[What you should do]
Strip out the pictures and output each remaining line of the data word for word.

[Source records]
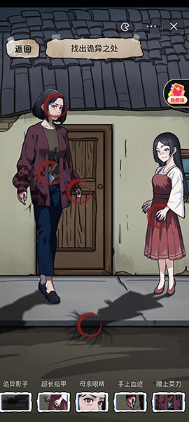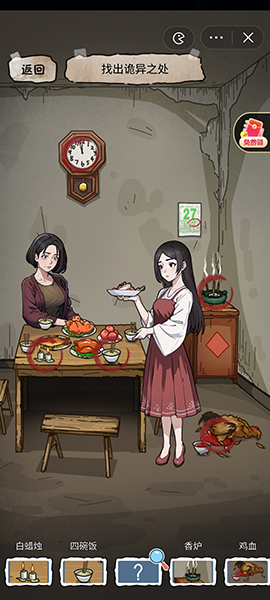 1、玩家要找到诡异的地方,点击桌子上的四碗饭、墙上的特殊日期、香炉、鸡血、时钟、蜡烛;
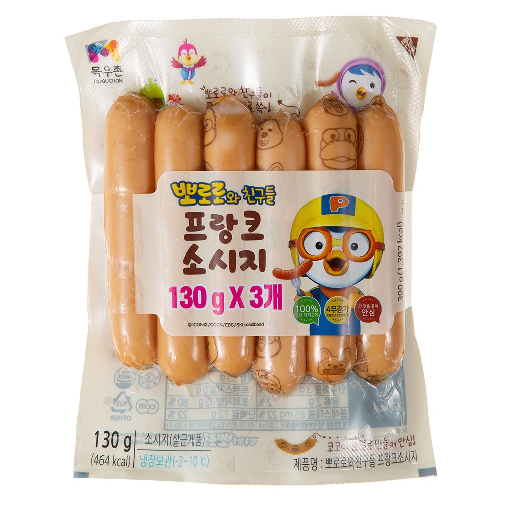 아이들 입맛에 맞춘 담백한 프랑크 소시지예요. 신선한 돼지고기를 사용해 탱글탱글한 식감이 일품이죠. 아이들이 좋아할 뽀로로와 친구들의 캐릭터를 코코아 분말로 인쇄했어요. 조리 후 밥반찬으로 활용하시거나, 핫도그, 파스타 등 다양한 요리에 쏙 넣어 드셔 보세요.
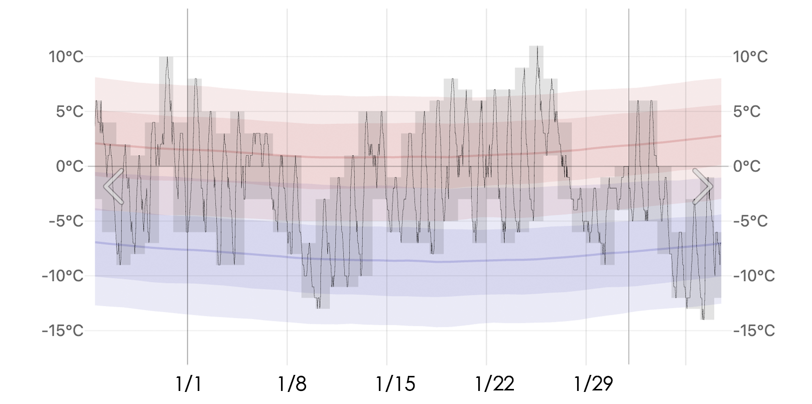 不過01月偶爾也有比較暖活的日子,氣溫略升到零度以上,短暫的回暖期間讓旅客或一般居民能稍稍喘息;但若遇到寒流來襲,溫度達到零下15度的極端低溫也是有可能的。
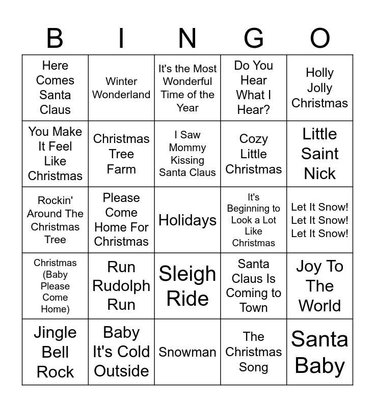 This bingo card has 58 words: All I Want for Christmas Is You, Baby It's Cold Outside, Blue Christmas, Christmas (Baby Please Come Home), The Christmas Song, Christmas the Whole Year Round, Christmas Tree Farm, Christmas Without You, Cozy Little Christmas, Deck The Hall, Do You Hear What I Hear?, Feliz Navidad, Frosty the Snowman, Hallelujah, Have Yourself a Merry Little Christmas, Here Comes Santa Claus, Holidays, Holly Jolly Christmas, I'll Be Home for Christmas, I Saw Mommy Kissing Santa Claus, It's Beginning to Look a Lot Like Christmas, It's the Most Wonderful Time of the Year, Jingle Bell Rock, Joy To The World, Last Christmas, Let It Snow! Let It Snow! Let It Snow!, Like It's Christmas, Little Drummer Boy, Little Saint Nick, Man With The Bag, Mele Kalikimaka, Merry Christmas, Happy Holidays, Mistletoe, My Only Wish (This Year), Officially Christmas, Oh Santa!, One More Sleep, Please Come Home For Christmas, Rockin' Around The Christmas Tree, Rudolph the Red-Nosed Reindeer, Run Rudolph Run, Santa Baby, Santa Claus Is Coming to Town, Santa's Coming for Us, Santa Tell Me, Silent Night, Silver Bells, Sleigh Ride, Snowman, That's Christmas to Me, This Christmas, Twelve Days of Christmas, Underneath the Tree, White Christmas, Winter Wonderland, Wonderful Christmastime, You Make It Feel Like Christmas and You're A Mean One Mr. Grinch.
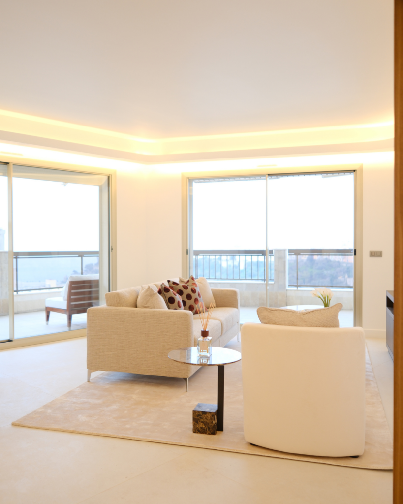 Le Beverly Palace Monaco se distingue par ses lignes épurées, ses tons neutres et ses grandes baies vitrées qui maximisent la lumière naturelle. Ses vastes terrasses, présentes dans la plupart des appartements, prolongent les espaces intérieurs vers l’extérieur et offrent des vues panoramiques sur Monaco, le Palais Princier et la mer Méditerranée.

[Problem solution]
 1、玩家要找到诡异的地方,点击桌子上的四碗饭、墙上的特殊日期、香炉、鸡血、时钟、蜡烛;
 아이들 입맛에 맞춘 담백한 프랑크 소시지예요. 신선한 돼지고기를 사용해 탱글탱글한 식감이 일품이죠. 아이들이 좋아할 뽀로로와 친구들의 캐릭터를 코코아 분말로 인쇄했어요. 조리 후 밥반찬으로 활용하시거나, 핫도그, 파스타 등 다양한 요리에 쏙 넣어 드셔 보세요.
 不過01月偶爾也有比較暖活的日子,氣溫略升到零度以上,短暫的回暖期間讓旅客或一般居民能稍稍喘息;但若遇到寒流來襲,溫度達到零下15度的極端低溫也是有可能的。
 This bingo card has 58 words: All I Want for Christmas Is You, Baby It's Cold Outside, Blue Christmas, Christmas (Baby Please Come Home), The Christmas Song, Christmas the Whole Year Round, Christmas Tree Farm, Christmas Without You, Cozy Little Christmas, Deck The Hall, Do You Hear What I Hear?, Feliz Navidad, Frosty the Snowman, Hallelujah, Have Yourself a Merry Little Christmas, Here Comes Santa Claus, Holidays, Holly Jolly Christmas, I'll Be Home for Christmas, I Saw Mommy Kissing Santa Claus, It's Beginning to Look a Lot Like Christmas, It's the Most Wonderful Time of the Year, Jingle Bell Rock, Joy To The World, Last Christmas, Let It Snow! Let It Snow! Let It Snow!, Like It's Christmas, Little Drummer Boy, Little Saint Nick, Man With The Bag, Mele Kalikimaka, Merry Christmas, Happy Holidays, Mistletoe, My Only Wish (This Year), Officially Christmas, Oh Santa!, One More Sleep, Please Come Home For Christmas, Rockin' Around The Christmas Tree, Rudolph the Red-Nosed Reindeer, Run Rudolph Run, Santa Baby, Santa Claus Is Coming to Town, Santa's Coming for Us, Santa Tell Me, Silent Night, Silver Bells, Sleigh Ride, Snowman, That's Christmas to Me, This Christmas, Twelve Days of Christmas, Underneath the Tree, White Christmas, Winter Wonderland, Wonderful Christmastime, You Make It Feel Like Christmas and You're A Mean One Mr. Grinch.
 Le Beverly Palace Monaco se distingue par ses lignes épurées, ses tons neutres et ses grandes baies vitrées qui maximisent la lumière naturelle. Ses vastes terrasses, présentes dans la plupart des appartements, prolongent les espaces intérieurs vers l’extérieur et offrent des vues panoramiques sur Monaco, le Palais Princier et la mer Méditerranée.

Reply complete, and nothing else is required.